▶ **Exercise instructions**
This exercise asks for an exact copy of every entry below, with pictures omitted.

### Exercise material ###

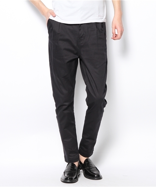 DIET BUTCHER SLIM SKINのテーパードシルエットの2タックチノパンツです。 ストレッチの効いた、テーパードシルエットは履き心地も抜群に仕上がっております。 程よい光沢感がエレガントな雰囲気も演出してくれるパンツです。 【DIET BUTCHER SLIM SKIN (ダイエットブッチャースリムスキン)ブランド紹介】 Nation: JAPAN Designer: Hisashi Fukatami /フカタミ ヒサシ Profile: 大学卒業後、アパレル系企業に就職。 同企業で立ち上げた「DIET BUTCHER SLIM SKIN」とともに独立。 2002年、METAL BURGER inc.を設立し、中目黒に旗艦店“Venom”をオープン。 2006-07 A/Wシーズン、東京コレクションに初参加。 SINGAPORE MENS FASHION WEEK2012に招待デザイナーとして参加。 Brand Concept 繊細で軽やかなマテリアルに重厚なディテールを加え、楽に着ても美しく、優雅でも遊びが存在する、デザインコンシャスな服を 大人が楽しめるスタイルで提案。ランウェイ・インスタレーション・映像と形式にとらわれない様々な形でコレクションを発表し続けている。 model:H175 B73 W71 H80 着用サイズ:1
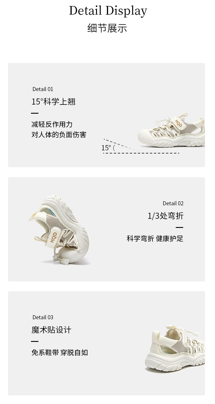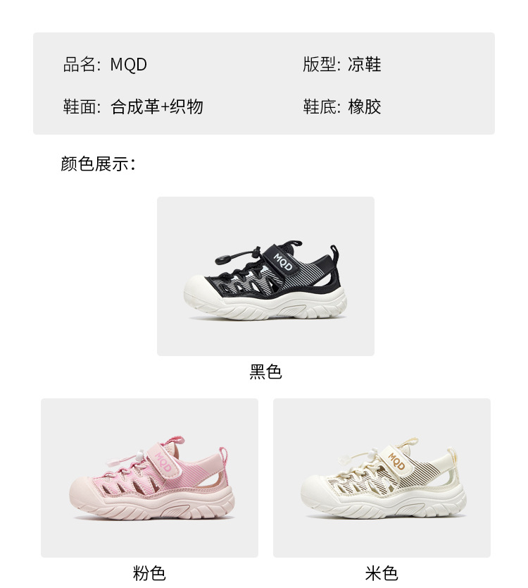 mqd 아쿠아틱 아동용 샌들 여름에 남녀 모두 착용하기 편하고 가볍고 간편한 벨크로 아동화
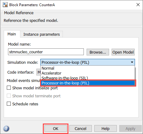 3. Configure and run CounterA Model block in PIL simulation mode by following steps below:
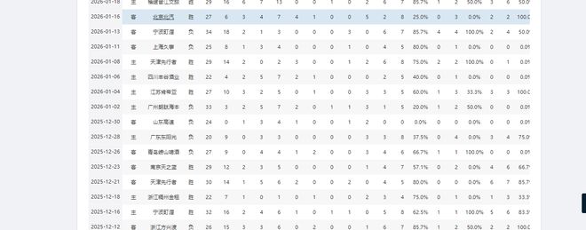 16次出场后,焦海龙场均可为球队贡献10.1分5.2篮板1助攻,投篮命中率62.1%,三分命中率41.4%。这两项命中率数据,均创下了他职业生涯出场次数超过2场的赛季新高。
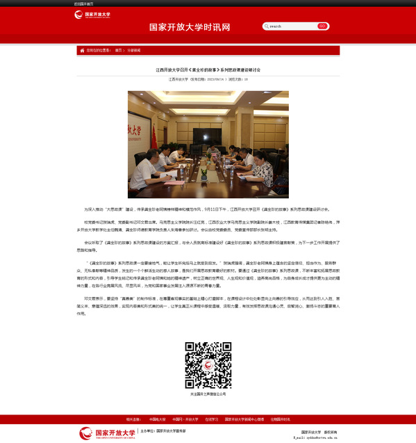 为深入推动“大思政课”建设,传承龚全珍老阿姨榜样精神和模范作风,9月11日下午,江西开放大学召开《龚全珍的故事》系列思政课建设研讨会。
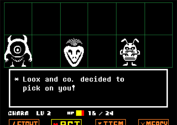 戰(zhàn)斗方框:如果敵人選擇攻擊你(不論你是否選擇主動(dòng)攻擊),在屏幕下方會(huì)出現(xiàn)一個(gè)方框,玩家操控這個(gè)心形對(duì)方框的圖案進(jìn)行躲避,一旦被觸碰就會(huì)受到傷害,某類(lèi)特殊圖案即便是觸碰了也不會(huì)受到傷害(如骷髏的藍(lán)光)。
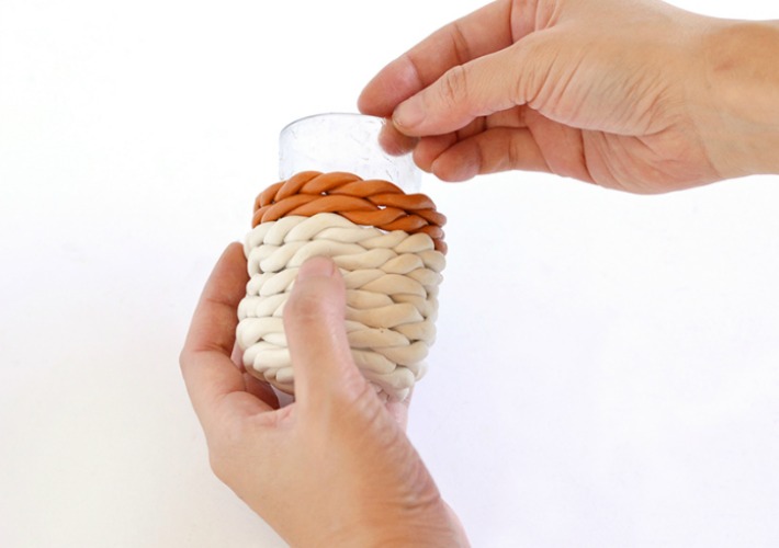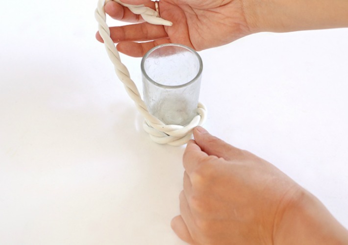 5.-Creamos un circulo con la arcilla blanca del diámetro de la base del vaso de cristal. Posteriormente vamos subiendo hasta cubrir una superficie a media altura del vaso.
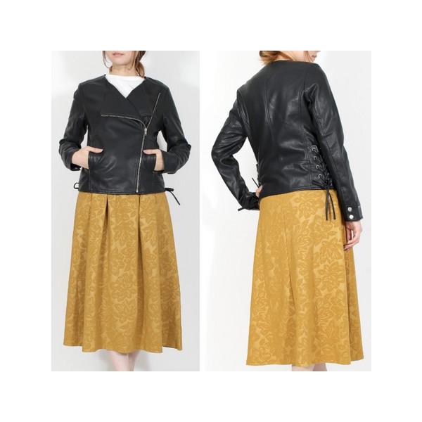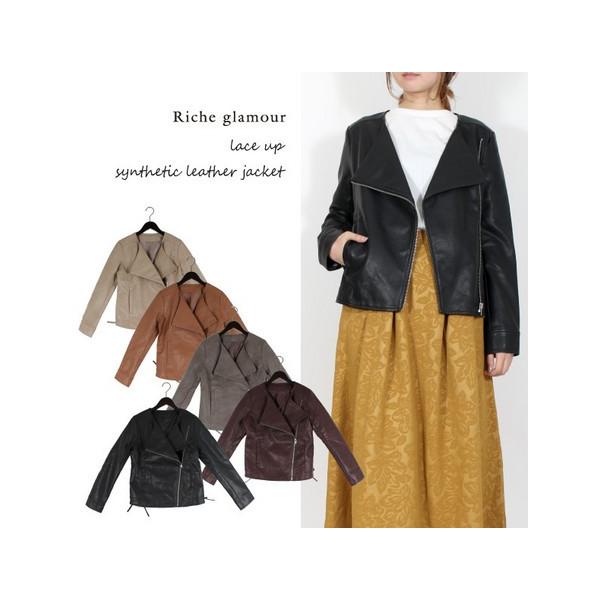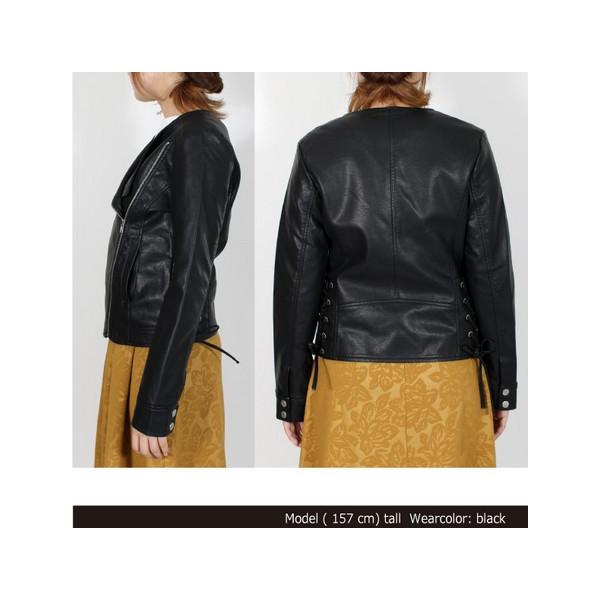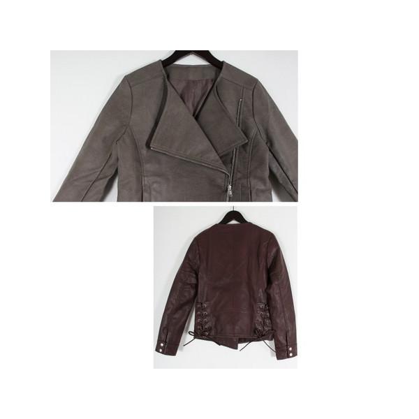 サイドのレースアップが超キュート♪【サイズ】 着丈:F57B53cm 、肩幅:38cm、バスト:92cm、袖丈:58cm、袖口:25cm、裾周り:93cm【素材】 表地 合成皮革 裏地 ポリエステル100%
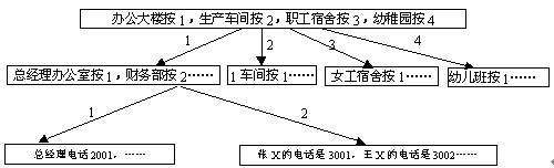 舉例 如某單位分機號碼結(jié)構(gòu)如下所示,該單位的查號臺序號可分三級:
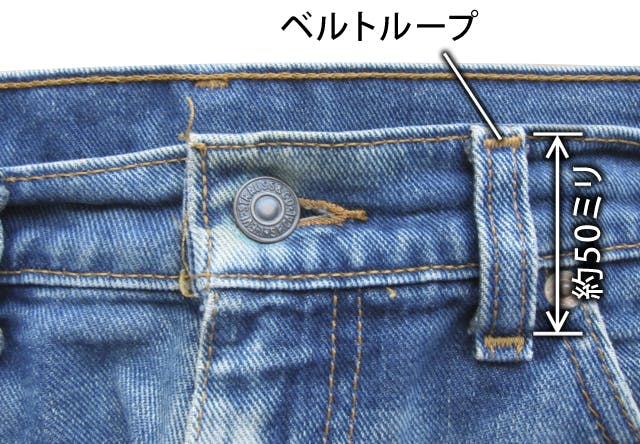 支援される前に、お手持ちのパンツのベルトループの縦幅サイズや、ボタンとループの距離を、定規や巻き尺などで計ってみてください。

###

▶ **Solved exercise**
 DIET BUTCHER SLIM SKINのテーパードシルエットの2タックチノパンツです。 ストレッチの効いた、テーパードシルエットは履き心地も抜群に仕上がっております。 程よい光沢感がエレガントな雰囲気も演出してくれるパンツです。 【DIET BUTCHER SLIM SKIN (ダイエットブッチャースリムスキン)ブランド紹介】 Nation: JAPAN Designer: Hisashi Fukatami /フカタミ ヒサシ Profile: 大学卒業後、アパレル系企業に就職。 同企業で立ち上げた「DIET BUTCHER SLIM SKIN」とともに独立。 2002年、METAL BURGER inc.を設立し、中目黒に旗艦店“Venom”をオープン。 2006-07 A/Wシーズン、東京コレクションに初参加。 SINGAPORE MENS FASHION WEEK2012に招待デザイナーとして参加。 Brand Concept 繊細で軽やかなマテリアルに重厚なディテールを加え、楽に着ても美しく、優雅でも遊びが存在する、デザインコンシャスな服を 大人が楽しめるスタイルで提案。ランウェイ・インスタレーション・映像と形式にとらわれない様々な形でコレクションを発表し続けている。 model:H175 B73 W71 H80 着用サイズ:1
 mqd 아쿠아틱 아동용 샌들 여름에 남녀 모두 착용하기 편하고 가볍고 간편한 벨크로 아동화
 3. Configure and run CounterA Model block in PIL simulation mode by following steps below:
 16次出场后,焦海龙场均可为球队贡献10.1分5.2篮板1助攻,投篮命中率62.1%,三分命中率41.4%。这两项命中率数据,均创下了他职业生涯出场次数超过2场的赛季新高。
 为深入推动“大思政课”建设,传承龚全珍老阿姨榜样精神和模范作风,9月11日下午,江西开放大学召开《龚全珍的故事》系列思政课建设研讨会。
 戰(zhàn)斗方框:如果敵人選擇攻擊你(不論你是否選擇主動(dòng)攻擊),在屏幕下方會(huì)出現(xiàn)一個(gè)方框,玩家操控這個(gè)心形對(duì)方框的圖案進(jìn)行躲避,一旦被觸碰就會(huì)受到傷害,某類(lèi)特殊圖案即便是觸碰了也不會(huì)受到傷害(如骷髏的藍(lán)光)。
 5.-Creamos un circulo con la arcilla blanca del diámetro de la base del vaso de cristal. Posteriormente vamos subiendo hasta cubrir una superficie a media altura del vaso.
 サイドのレースアップが超キュート♪【サイズ】 着丈:F57B53cm 、肩幅:38cm、バスト:92cm、袖丈:58cm、袖口:25cm、裾周り:93cm【素材】 表地 合成皮革 裏地 ポリエステル100%
 舉例 如某單位分機號碼結(jié)構(gòu)如下所示,該單位的查號臺序號可分三級:
 支援される前に、お手持ちのパンツのベルトループの縦幅サイズや、ボタンとループの距離を、定規や巻き尺などで計ってみてください。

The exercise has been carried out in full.